- Born: 22 February 1938 Mangalore, Karnataka, India
- Died: 26 January 2008 (aged 69) Mangalore, Karnataka, India
- Occupation: Politician

= Blasius D'Souza =

Indian politician

Blasius M. D'Souza (22 February 1938 – 26 January 2008) was an Indian politician from Mangalore. A member of the Indian National Congress from Mangalore City, he was a minister in the Karnataka state government.

==Biography==
Blasius D'Souza was the son of AR D'Souza, a prominent businessman in Mangalore.
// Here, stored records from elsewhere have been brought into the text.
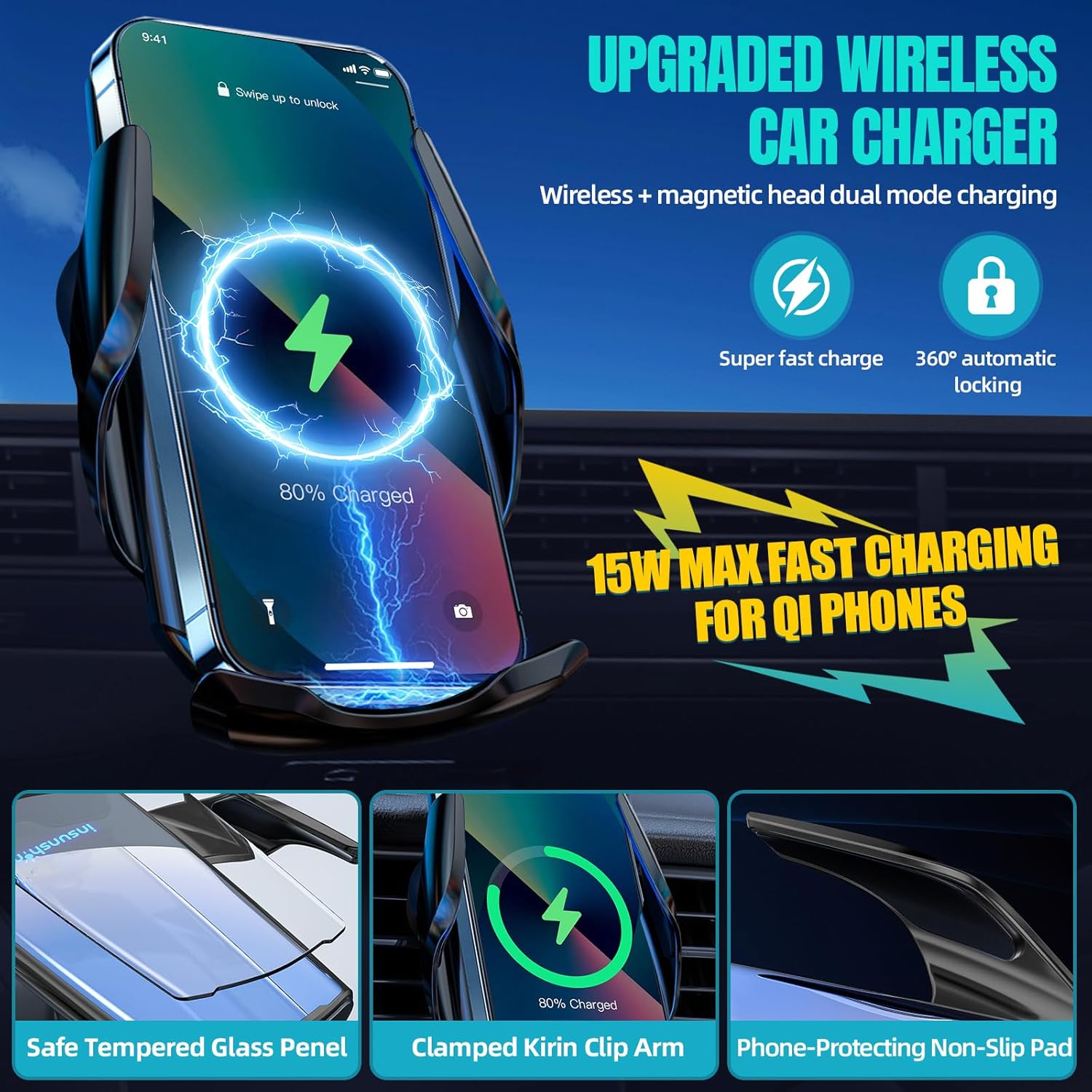 Wireless Car Charger, MAX 15W Fast Charging Auto Clamping, Sensing Phone Holder Mount, fit for iPhone 16 15 14 13 12 Pro Max Xs X, Samsung Galaxy S24 Ultra S23 S22 S21 S20 Note20 (2-Black)
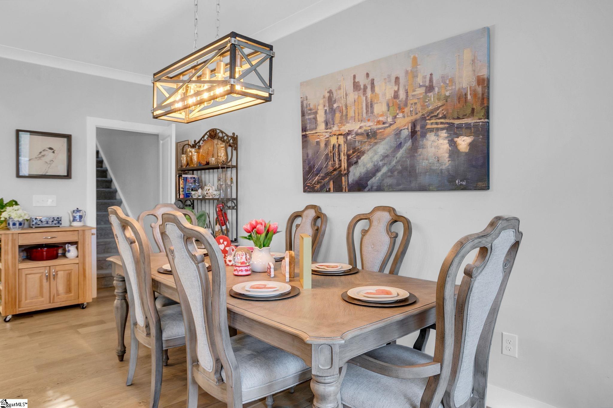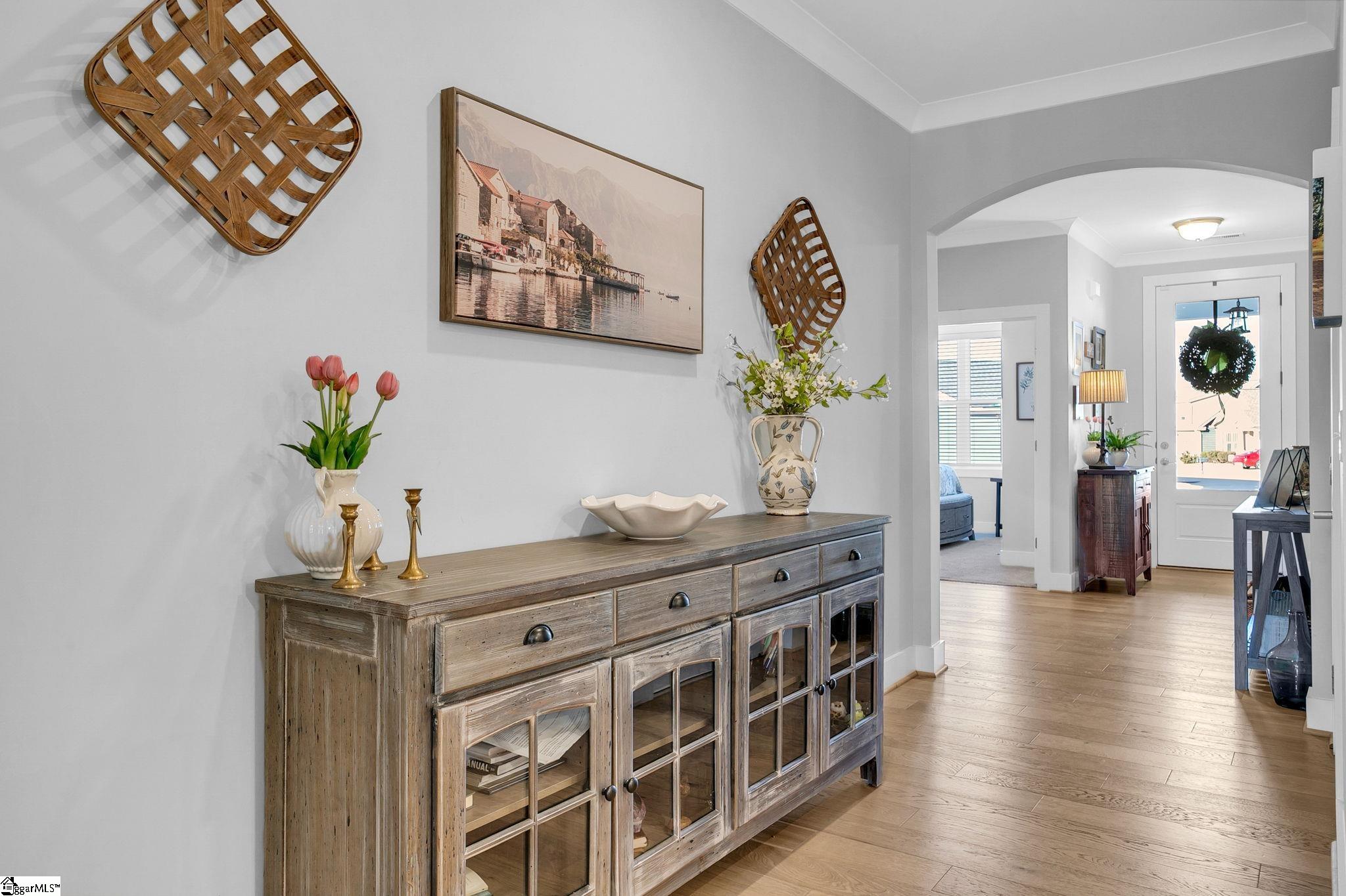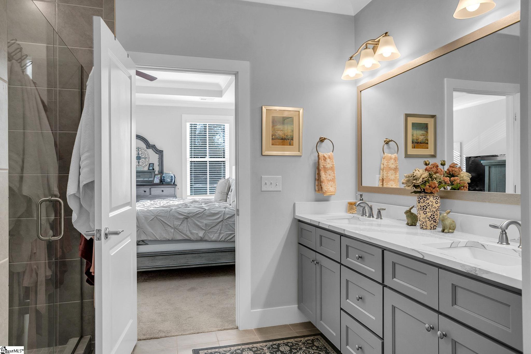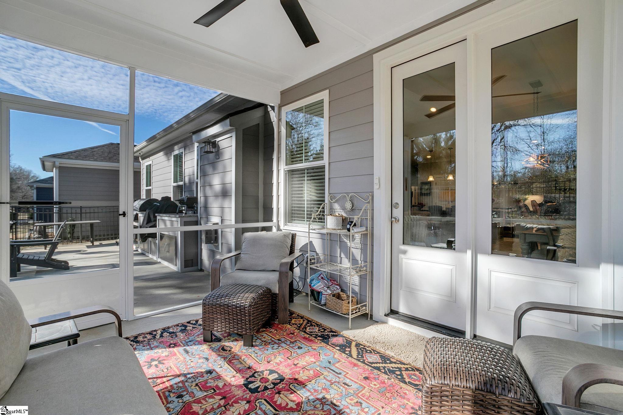 Welcome to 214 Mayfly Way in Simpsonville — a beautifully upgraded 3 bedroom, 3 bathroom home offering over 2, 000 square feet of thoughtfully designed living space in the gated community of Cottages at Harrison Bridge (Section 2). Built in 2023 by Dwelling Group, this nearly new home features an ideal floor plan with two bedrooms on the main level, including a spacious primary suite, and a versatile third bedroom upstairs complete with its own en suite bath — perfect as a private guest retreat, bonus room, or recreation space. The kitchen and all bathrooms showcase upgraded quartz countertops, blending style and durability. The primary closet has been enhanced with upgraded storage solutions for maximum organization. Outdoor living truly sets this home apart. Enjoy a screened-in porch, fully fenced backyard with iron fencing, and a state-of-the-art built-in outdoor kitchen on the back patio — ideal for entertaining year-round. This premium lot backs up to peaceful farmland, offering green space views and a beautiful tree-lined backdrop for added privacy. Residents of this gated community enjoy lawn maintenance and full-yard irrigation, providing low-maintenance living at its finest. Conveniently located just minutes from Fairview Road shopping, dining, and hospital access, and with quick connectivity to I-385, this home combines comfort, convenience, and upscale finishes in one exceptional package. Schedule your showing today and experience the lifestyle this home has to offer!
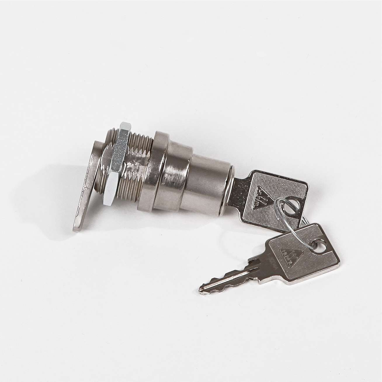 Das System ist zweistufig aufgebaut. Zuerst wird der Schließzylinder mechanisch in die Verriegelungsstellung gebracht, indem er auf den Schrankrahmen gedrückt wird. Erst danach kann die Sicherung durch Drehen des Schlüssels vollständig aktiviert werden. Die Entriegelung erfolgt durch erneutes Drehen des Schlüssels, wodurch der Zylinder wieder in seine Ausgangsposition zurückfährt.
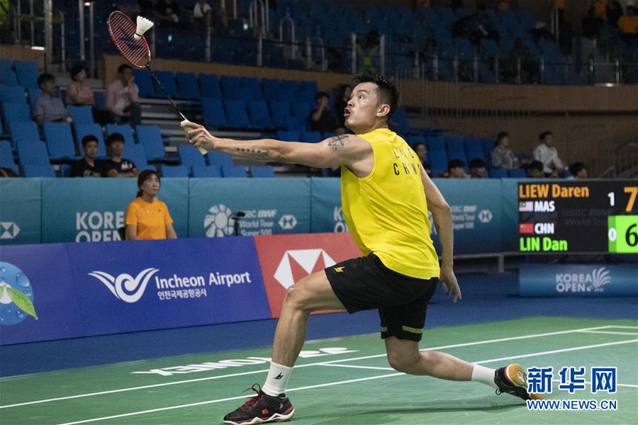 9月25日,林丹在比赛中回球。 当日,在2019韩国羽毛球公开赛男子单打首轮比赛中,中国选手林丹以0比2不敌马来西亚选手刘国伦,无缘第二轮。 新华社发(李相浩摄)
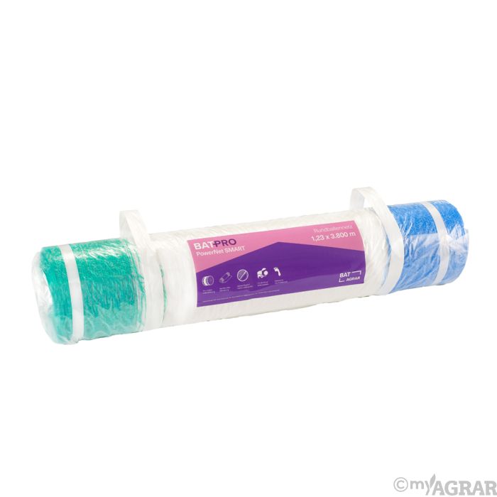 Das Rundballennetz BAT Pro PowerNet SMART weiß wird mit neuester Technologie und weiterentwickelten Rohmaterialien produziert. Dadurch wird ein ressourcenschonenderes Produkt mit leichterer Handhabung erzielt, bei gleichzeitiger Beibehaltung unserer bewährten Qualität. Die Seitenmarkierung und Tragegriffe stellen das richtige und einfache Einlegen des Netzes in die Presse sicher.
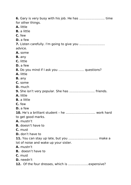 6. Gary is very busy with his job. He has ……………………. time for other things. A. little B. a little C. few D. a few
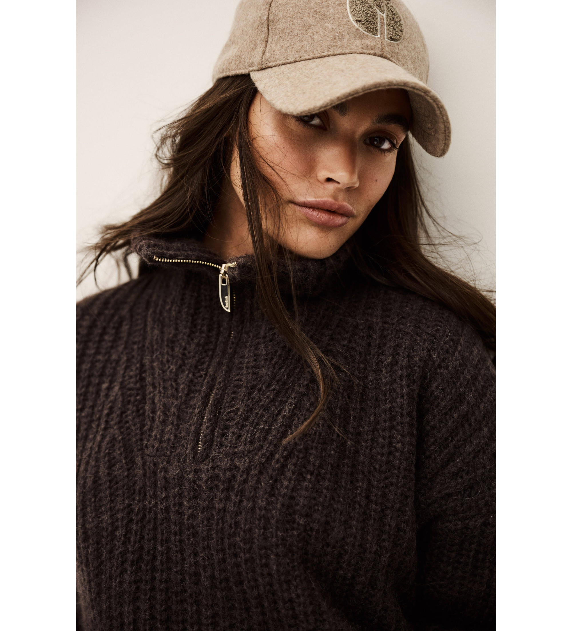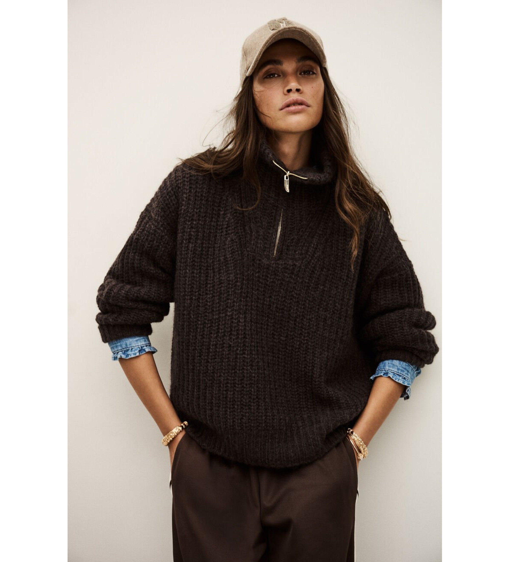 Pulover z zadrgo je praktičen mestni slog, ki se zlahka prilagodi različnim slogom. Njegova funkcionalna zasnova vam omogoča, da prilagodite izrez glede na priložnost, kar mu doda dinamičen, sodoben pridih. Idealen je za priložnostne videze med sezono ali kot srednji sloj v hladnih dneh.

He studied at St. Aloysius College, Mangalore, from where he graduated with a B.Com. degree in 1959. At St. Aloysius, he was president of the College Students' Union and also a member of the hockey team. He earned his L.L.B. from Siddhartha Law College, Mumbai, in 1961. He had two sons and three daughters: Anoop, Rohit, Sonia, Reema, and Rovena. He hailed from the Mangalorean Catholic community.

==Political career==

Blasius D'Souza entered politics as a Mangalore City Council member in 1962 from Congress Party, where he served for 17 years. From 1972-79, he was the Council President. He served as a District Chairman of Congress Committee in Dakshina Kannada district. He was a Member of Legislative Council in Karnataka Legislature from 1980 to 1985 and represented Mangalore City as a Member of Legislative Assembly for nine years.

In July 1991, he was appointed Law Minister of Karnataka in the Veerappa Moily government. He cleared an average of 25,00 files a month and created a record during his tenure as a minister. In November 1992, he was appointed Minister for Labour in a Cabinet Reshuffle, a position in which he served until 1994.

==Death==
D'Souza died at the KMC hospital in Mangalore on 26 January 2008, aged 69.

==Positions held==
- Member of Legislative Council
- Member of Legislative Assembly
- Minister for Law
- Minister for Labour
- Member, Indian National Congress.
- President Students Union St. Aloysius College, Mangalore.
- Chairman, City Central Library, Mangalore.
- Senate Member, Mangalore University.
- Member, Karnataka Telecommunication Advisory Board.
- Vice-Chairman, Hind Kuhst Nivarana Sangha Mangalore.
- Chairman Board of Visitors Govt. Venlock Hospital, Mangalore.
- Member, Board of Visitors Lady Goschan Hospital, Mangalore.
- Member, Mangalore Port Trust, New Mangalore
- Member, Karnataka Administrative Reforms Commission.
- Member, Karnataka State Town and Country Planning Board, Bangalore.
- Member, Planning Authority, Mangalore.
- Founder, Patron Mangalore Wildlife Trust.
- Founder-Chairman Millions of Tree Club, Mangalore.
- Member, World Forestry Day Committee, New Delhi.
- Member, Karnataka State Board for prevention and Control of Water Pollution, Bangalore.
- Vice-Chairman, D.K. District Tuberculosis Assn. Mangalore.
- Member Governing Council, Fr. Muller's Charitable Institution, Mangalore.
- Founder President Mangalore Auto Rickshaw and Car Operators Co-operative Society, Mangalore.
- Executive Committee Member KPCC (I) from 1979 to 1982.
- President Dakshina Kannada DCC(I) from 1979 to 1992, 2001
- Member Organisation Election Committee for Orissa State 1999.
- Chairman, Membership Books Committee for Membership drive of the party in Karnataka 1999.
- Observer Goa Legislative Assembly Election 1999.
- Vice-President, Karnataka Pradesh Congress Committee (I) since 1998.
- Chairman, Pradesh Election Authority for Goa.
- Councillor Mangalore City Municipal Council 1962 to 1979
- President Mangalore City Municipal Council 1972 to 1979.
- President, Dakshina Kannada Hockey Association.
- Member Governing Board Fr. Muller's Hospital, Mangalore.
- Member, Governing Board St. Joseph's Engineering College, Mangalore.
- Chairman, Cheshire homes India, Mangalore Unit.
- Member, KPCC (I) and AICC (I).
- Member, Library Committee
- Member, Public Undertaking Committee
- Member, House Committee
- Member, SC/ST Committee
- Member, Public Accounts Committee
- Member, Managing Committee, SDM Law College, MG Road, Mangalore
- Deputy Leader of the Indian Delegation to the 81st Session of the International Labour Organisation held at Geneva during June 1994.